11.3.1.0/24         Direct 0    0            11.3.1.2        Vlan300

11.3.1.2/32         Direct 0    0            127.0.0.1       InLoop0

11.4.1.0/24         Direct 0    0            11.4.1.2        Vlan400

11.4.1.2/32         Direct 0    0            127.0.0.1       InLoop0

127.0.0.0/8         Direct 0    0            127.0.0.1       InLoop0

127.0.0.1/32        Direct 0    0            127.0.0.1       InLoop0

4)        Configure route summarization on Switch C and advertise only the summary route 10.0.0.0/8.

[SwitchC] interface vlan-interface 300

[SwitchC-Vlan-interface300] rip summary-address 10.0.0.0 8

# Display the routing table information of Switch D.

[SwitchD] display ip routing-table

Routing Tables: Public

         Destinations : 7        Routes : 7

 

Destination/Mask    Proto  Pre  Cost         NextHop         Interface

 

10.0.0.0/8          RIP    100  1            11.3.1.1        Vlan300

11.3.1.0/24         Direct 0    0            11.3.1.2        Vlan300

11.3.1.2/32         Direct 0    0            127.0.0.1       InLoop0

11.4.1.0/24         Direct 0    0            11.4.1.2        Vlan400

11.4.1.2/32         Direct 0    0            127.0.0.1       InLoop0

127.0.0.0/8         Direct 0    0            127.0.0.1       InLoop0

127.0.0.1/32        Direct 0    0            127.0.0.1       InLoop0

Troubleshooting RIP

No RIP Updates Received

Symptom:

No RIP updates are received when the links work well.

Analysis:

After enabling RIP, you must use the network command to enable corresponding interfaces. Make sure no interfaces are disabled from handling RIP messages.

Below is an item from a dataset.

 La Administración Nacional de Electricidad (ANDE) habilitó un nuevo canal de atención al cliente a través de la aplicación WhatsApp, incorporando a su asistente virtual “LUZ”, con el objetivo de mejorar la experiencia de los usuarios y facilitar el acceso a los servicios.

If the peer is configured to send multicast messages, the same should be configured on the local end.

Solution:

l          Use the display current-configuration command to check RIP configuration

l          Use the display rip command to check whether some interface is disabled

Route Oscillation Occurred

Symptom:

When all links work well, route oscillation occurs on the RIP network. After displaying the routing table, you may find some routes appear and disappear in the routing table intermittently.

Analysis:

In the RIP network, make sure all the same timers within the whole network are identical and relationships between timers are reasonable. For example, the timeout timer value should be greater than the update timer value.

Solution:

l          Use the display rip command to check the configuration of RIP timers

l          Use the timers command to adjust timers properly.